Supposed taxpayer preferences for Direct File instead of Free File were overstated and likely based on incorrect assumptions. Former IRS Commissioner Daniel Werfel repeatedly claimed that taxpayers wanted an IRS-run free filing option. Yet the initial feasibility study found that over one-third of taxpayers interviewed claimed they would not use Direct File as they already filed for free using Free File services. It also found that cost was the major factor in deciding how to file taxes. Given that cost is a major driver of filing behavior, it is very likely that other respondents would use Free File if they knew of its availability. GAO has reported separately that one-third of taxpayers they interviewed were not aware that they were eligible to use Free File.

There are also misperceptions about Direct File being a free tax filing option where taxpayer information does not go through a third-party, in contrast to using third-party services provided by the Free File Alliance. However, Direct File uses a third-party service to verify taxpayers’ identities. The third-party credential service provider ID.me is used by Direct File despite previously being dropped by the IRS after user frustration and privacy concerns. 
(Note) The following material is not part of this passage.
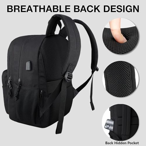 KEOFID Travel backpack for Men and Women, Anti Theft Laptop Backpack with USB Charging Port for Work, Large Bag for College, BLACK BOOK BAG FOR BOYS, GILRS Backpack,Water Resistent(Black)
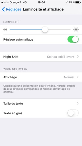 En effet, si sur un Mac, il était possible d’installer une application telle f.lux, qui fait évoluer automatiquement la teinte de l’écran vers l’orange en fonction de la lumière du jour – la lumière bleue de nos écrans étant réputée nocive – aucune installation de ce genre n’était possible sous iOS avant cette nouvelle version du système.

Direct File may also be distracting the IRS from other key transformation projects. The IRA provided the IRS with $4.8 billion to modernize its information technology systems. Yet, despite the influx of funds, the creation of Direct File is one of the only major software initiatives that has been implemented from start to finish since the IRA became law. 

In fact, one year after developing a Strategic Operating Plan to use the IRA funding, the IRS had still not accomplished any of its technology modernization objectives for that fiscal year. This includes critical work to replace the Individual Master File which is a 60-year-old program housing all taxpayer information that relies on the outdated coding language COBOL. The IRS instead used this funding to achieve simple improvements such as replacing old hardware. 

Concerns about the IRS’s authority to create Direct File, its costs, and the IRS’s failure to make progress in other strategic technology priorities are more than enough to justify terminating the program. Without Direct File, taxpayers will continue to have access to Free File which can handle unique tax situations and can serve taxpayers across the country, unlike the more limited Direct File. The IRS can also shift to completing technology modernization priorities that have persisted for decades

Ending the program now will also return to Congress its rightful authority to determine Direct File’s future in light of these critical failures. Supporters of Direct File who want to make it easier and less costly to file taxes should focus their efforts on simplifying the tax code itself—where the real burden lies. We welcome the new Administration’s focus on IRS modernization, such as its recent hackathon, and look forward to seeing the results of this necessary change in course.